Sentiment Analysis | Vuk Batanović

SentiComments.SR - A Sentiment Analysis Dataset of Comments in Serbian

The SentiComments.SR dataset includes the following three corpora of short texts annotated for the task of sentiment analysis:
The main SentiComments.SR corpus, consisting of 3490 movie-related comments;
The movie verification corpus, consisting of 464 movie-related comments;
The book verification corpus, consisting of 173 book-related comments.
Six sentiment labels were used in dataset annotation: +1, -1, +M, -M, +NS, and -NS, with the addition of an ‘s’ label suffix denoting the presence of sarcasm. The main corpus was annotated by two annotators working together, and therefore contains a single, unified sentiment label for each comment. The verification corpora were used to evaluate the quality, efficiency, and cost-effectiveness of the annotation framework, which is why they contain separate sentiment labels for six annotators. The construction of this dataset is described in the 2020 PLoS ONE paper.

The Serbian Movie Review Dataset (SerbMR)

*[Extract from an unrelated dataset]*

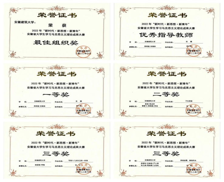 本网讯 近日,由安徽省教育厅主办的2022年“新时代•新思想•新青年”安徽省大学生学习马克思主义理论成果大赛圆满落下帷幕,所有参赛作品评审结果已在安徽省教育厅网站公布。beat365官网推荐的4件微视频作品全部斩获佳奖,获得一等奖1项、二等奖1项、三等奖2项,1位教师获优秀指导教师奖,beat365官网获最佳组织奖,实现了新的突破。

The Serbian Movie Review Dataset (SerbMR) collection consists of three movie review datasets in Serbian which were constructed for the task of sentiment analysis:
Collected movie reviews in Serbian (ISLRN 252-457-966-231-5) – an unbalanced collection of 4725 movie reviews in Serbian.
SerbMR-2C – The Serbian Movie Review Dataset (2 Classes) (ISLRN 016-049-192-514-1) – a two-class balanced sentiment analysis dataset containing 1682 movie reviews in Serbian (841 positive and 841 negative reviews).
SerbMR-3C – The Serbian Movie Review Dataset (3 Classes) (ISLRN 229-533-271-984-0) – a three-class balanced sentiment analysis dataset containing 2523 movie reviews in Serbian (841 positive, 841 neutral, and 841 negative reviews).
The construction of this dataset collection is described in the LREC 2016 paper.